Ars Dogmatica

Pierre Legendre

Majesté des Images

Commençons par un b.a.-ba ! On ne tombera pas des nues d’apprendre que le terme « Imaginaire » est un héritage du latin classique. De l’adjectif nous faisons un substantif qui, depuis la cristallisation conceptuelle due à Jacques Lacan dans les années 60-70, s’est imposé peu à peu comme une mode, aujourd’hui à son zénith… à condition bien sûr de laisser de côté la question indésirable : pourquoi cet engouement ? Trop pressée de conclure, la psychanalyse d’alors n’était pas en mesure d’apercevoir les montages institués de l’Imaginaire. Le manège imaginaire indéfiniment tourne autour de son axe logique : le pouvoir des images.

 

Mon labeur, oserai-je dire, a rouvert le chemin pressenti par Sigmund Freud dans sa revue Imago, à laquelle collabora un juriste intéressé par les coulisses inconscientes – juriste d’une époque engloutie ! –, Hans Kelsen, inspiré par la découverte freudienne… De surcroît, un jour m’est tombé sous la main, hors la revue je crois, son essai sur le mythe d’Œdipe.

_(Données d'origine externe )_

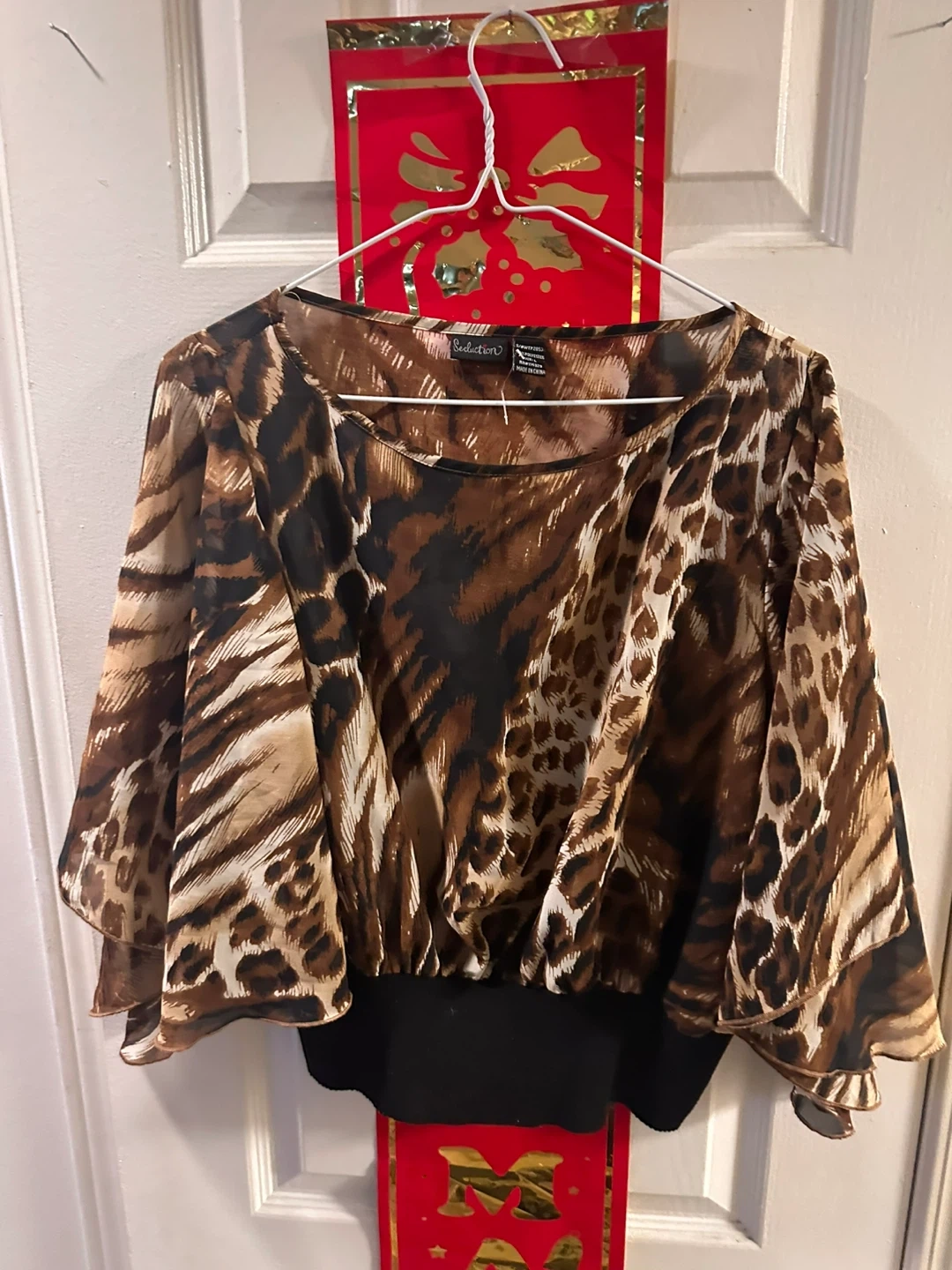 Selling a Selection leopard print blouse! It features a unique animal print design with a black base. Perfect for adding a touch of wild style to your wardrobe

Tout cela a été enterré, la dimension juridique de la vie sociale étant devenue aussi volatile que les idéaux de consommation. Ayant appartenu à la maisonnée des juristes, je sais ce qu’il en est des vaccins contre la contagion d’une pensée libre, en ce domaine comme ailleurs quand règne le psittacisme des citations pêchées ici et là, ou la glose d’anciens auteurs consacrés.

En cette Préface, j’inscris l’Imaginaire en perspective, ayant à l’esprit son point d’attache au théâtre des images. En premier lieu : le Miroir. Si j’écris avec majuscule le nom d’un objet si banal en apparence, c’est pour faire valoir ce point d’attache et en saisir l’effet inexorable : le pouvoir de l’image aux racines de la construction humaine.

De ce fait, le Miroir prend statut, au-delà de l’usage commun. N’hésitons pas sur les grands mots, il devient un objet transcendantal, comme s’il s’agissait d’une divinité… Nous sommes dans les parages du fantastique.

Que le lecteur garde son sang froid devant pareilles remarques, absconses au premier abord. Je parie sur la suite !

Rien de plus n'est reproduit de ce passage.